Your answer should hold only the lines from the start of the data below through the line with "Dieses fließende, alkoholische", copied exactly, with pictures left out.

══ Data excerpt ══

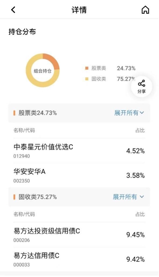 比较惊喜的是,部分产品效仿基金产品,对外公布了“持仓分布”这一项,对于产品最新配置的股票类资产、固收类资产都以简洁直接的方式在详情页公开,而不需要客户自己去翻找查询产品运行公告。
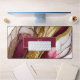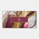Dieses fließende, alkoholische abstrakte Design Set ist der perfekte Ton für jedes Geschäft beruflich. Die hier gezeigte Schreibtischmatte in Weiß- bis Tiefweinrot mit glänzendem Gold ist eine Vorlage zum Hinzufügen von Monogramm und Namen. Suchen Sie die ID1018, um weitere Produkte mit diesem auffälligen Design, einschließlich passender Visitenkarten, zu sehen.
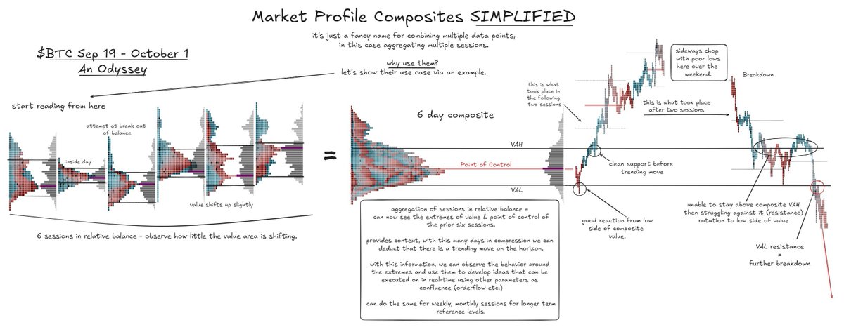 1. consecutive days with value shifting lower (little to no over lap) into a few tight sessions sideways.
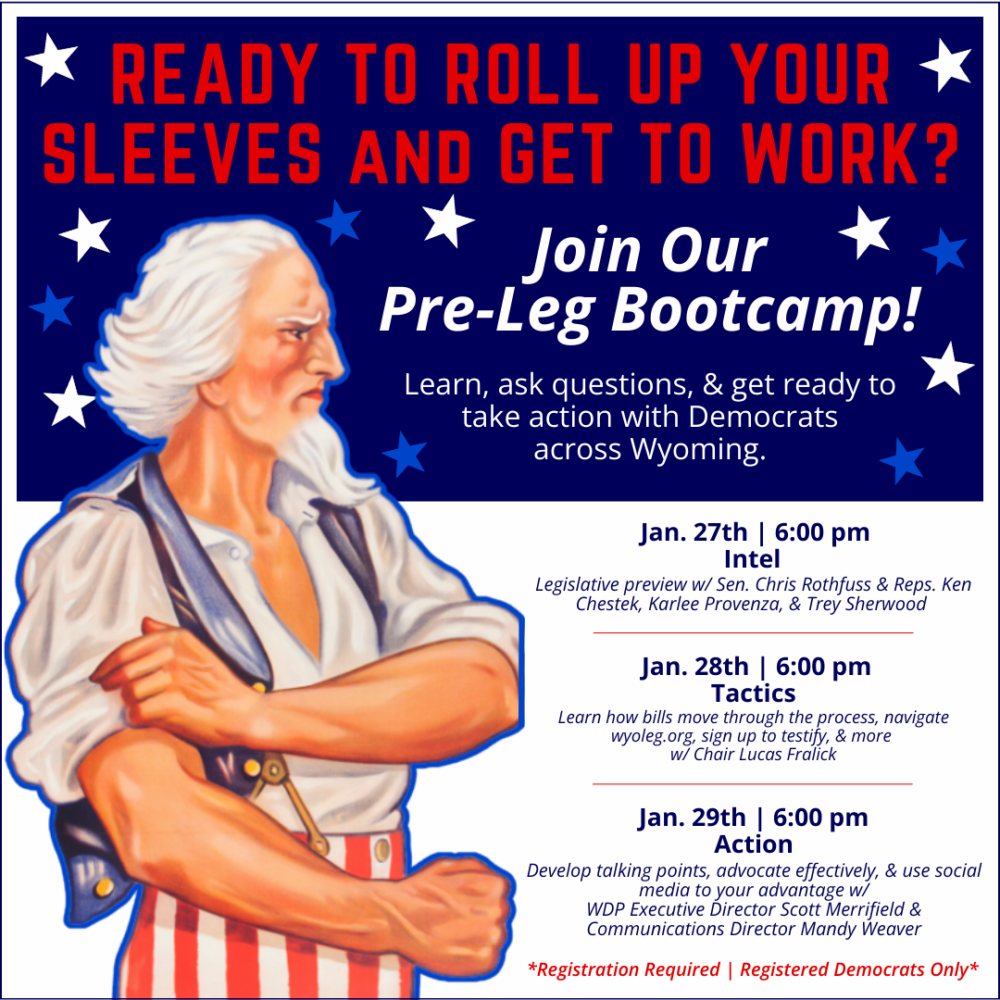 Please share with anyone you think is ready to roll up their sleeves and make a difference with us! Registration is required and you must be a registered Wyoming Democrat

═══

Output =>
 比较惊喜的是,部分产品效仿基金产品,对外公布了“持仓分布”这一项,对于产品最新配置的股票类资产、固收类资产都以简洁直接的方式在详情页公开,而不需要客户自己去翻找查询产品运行公告。
Dieses fließende, alkoholische abstrakte Design Set ist der perfekte Ton für jedes Geschäft beruflich. Die hier gezeigte Schreibtischmatte in Weiß- bis Tiefweinrot mit glänzendem Gold ist eine Vorlage zum Hinzufügen von Monogramm und Namen. Suchen Sie die ID1018, um weitere Produkte mit diesem auffälligen Design, einschließlich passender Visitenkarten, zu sehen.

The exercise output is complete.